▸ Required work:
In the answer, give the entries below exactly, from the first line through the line with "2024 Oversized crew", with every picture omitted.

Items from a dataset

※ ※ ※

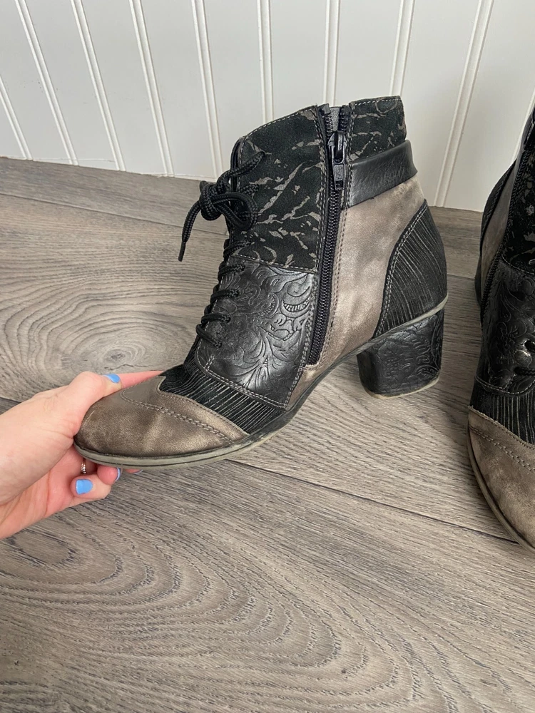 Elevate your equestrian look with these Remonte ankle boots. Crafted from high-quality leather, these boots feature an embossed pattern and lace-up closure for a chic and comfortable fit. The round toe and block heel style provide all-day comfort, while the ankle shaft style adds a touch of sophistication. Available in black and other sizes, these boots are perfect for any fashion-forward woman. These Remonte ankle boots are perfect for any occasion, whether you're headed to the office or out for a night on the town. The boots are designed with a laced closure for a secure fit and a round toe shape for a comfortable stride. Made from high-quality leather, these boots are sure to last for years to come.
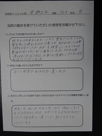 2回目の施術(4日目)終り帰路についた時、歩速が早くなった事が気づき又、腰への負担も楽になっており施術より10日後にはほとんど「めまい」は発生していません。
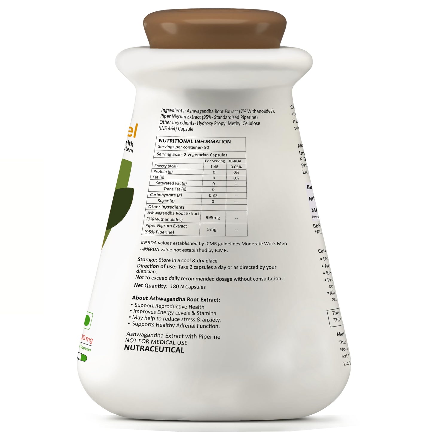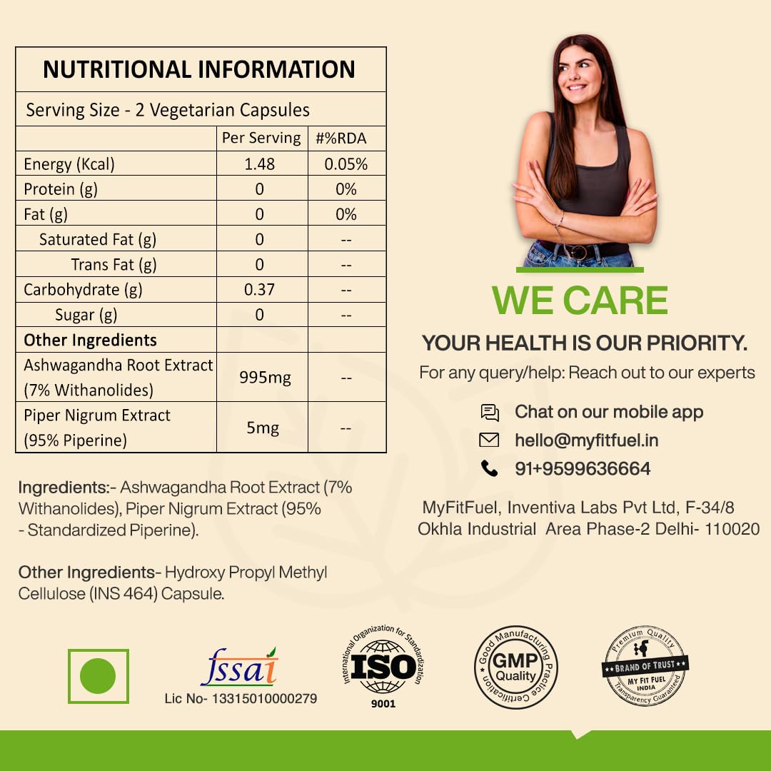- Pure Ashwagandha Extract (7% Withanolides) with Piperine (95%)
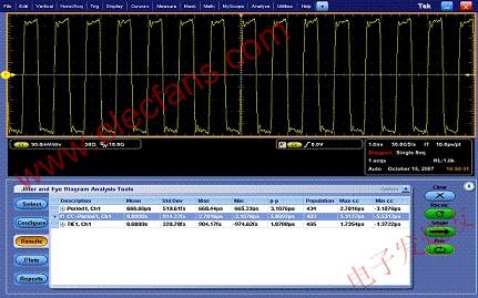 如果要測量在高信號速率時構成Tj的各分量,應采用本底噪聲低、頻率響應平穩(wěn)、抖動測量底限低和觸發(fā)抖動小的儀器。例如,ONSemiconductor發(fā)現(xiàn)在檢定其高速ECL器件時,需采用系統(tǒng)抖動<200fsRMS而且?guī)捿^寬的儀器。芯片設計者發(fā)現(xiàn)幾個ps的信號移位,甚至是在fs范圍內的移位,也可能干擾發(fā)送(TX)和接收(RX)性能。
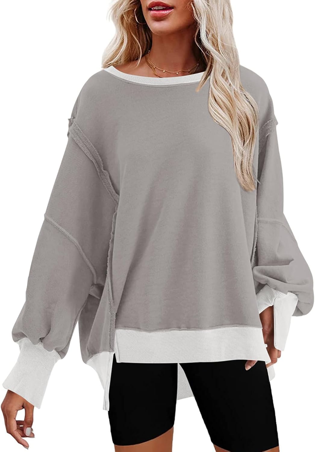 2024 Oversized crew neck sweatshirt with side slit long sleeve hoodie
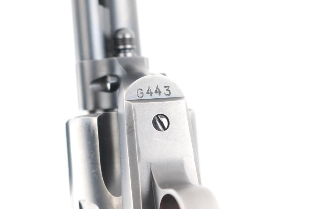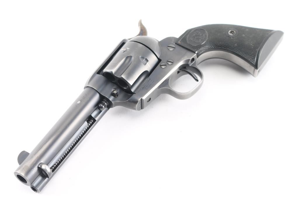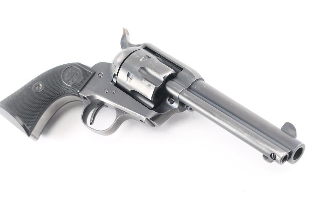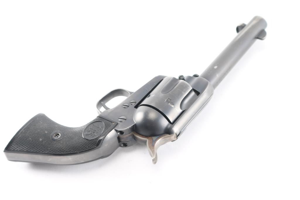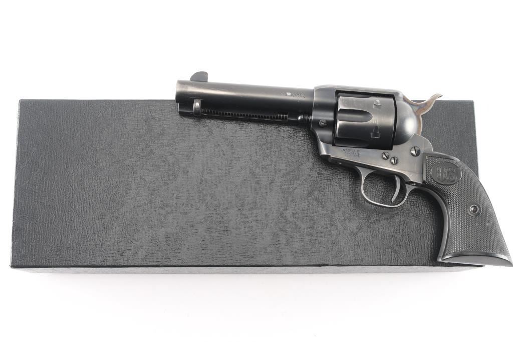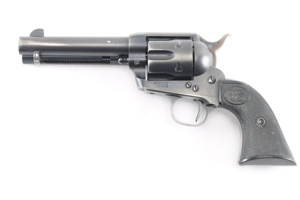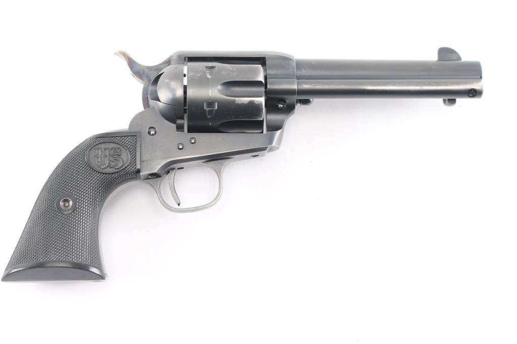 Exceptional single-action revolver chambered in .45 Colt, produced by United States Fire Arms Mfg. Co. based out of The Colt Armory complex in Hartford, Connecticut. The company is renowned for their superb quality and finish but went out of business in 2011. This revolver features blued finish, 4 3/4" barrel, blade front sight, 'v' notched rear sight, crescent ejector, fluted six-shot cylinder, black powder patent dated, case hardened hammer with 1st gen spur checkering, cylinder pin retaining screw, and checkered hard rubber two-piece grips with "US" motifs. The barrel is marked with the two line USFA address on the top. Bore and charge holes are bright, very good condition. Retains approximately 80% of it's original finish showing holster/edge wear, a small rub on the barrel over the caliber designation, & a rub on the cylinder with finish loss. Grips are excellent. Action is smooth with tight lock up. Includes vintage styled black cardboard factory box with paperwork. These guns retailed for $1250 new, when you could get them.

※ ※ ※

▸ Solution to this problem:
 Elevate your equestrian look with these Remonte ankle boots. Crafted from high-quality leather, these boots feature an embossed pattern and lace-up closure for a chic and comfortable fit. The round toe and block heel style provide all-day comfort, while the ankle shaft style adds a touch of sophistication. Available in black and other sizes, these boots are perfect for any fashion-forward woman. These Remonte ankle boots are perfect for any occasion, whether you're headed to the office or out for a night on the town. The boots are designed with a laced closure for a secure fit and a round toe shape for a comfortable stride. Made from high-quality leather, these boots are sure to last for years to come.
 2回目の施術(4日目)終り帰路についた時、歩速が早くなった事が気づき又、腰への負担も楽になっており施術より10日後にはほとんど「めまい」は発生していません。
- Pure Ashwagandha Extract (7% Withanolides) with Piperine (95%)
 如果要測量在高信號速率時構成Tj的各分量,應采用本底噪聲低、頻率響應平穩(wěn)、抖動測量底限低和觸發(fā)抖動小的儀器。例如,ONSemiconductor發(fā)現(xiàn)在檢定其高速ECL器件時,需采用系統(tǒng)抖動<200fsRMS而且?guī)捿^寬的儀器。芯片設計者發(fā)現(xiàn)幾個ps的信號移位,甚至是在fs范圍內的移位,也可能干擾發(fā)送(TX)和接收(RX)性能。
 2024 Oversized crew neck sweatshirt with side slit long sleeve hoodie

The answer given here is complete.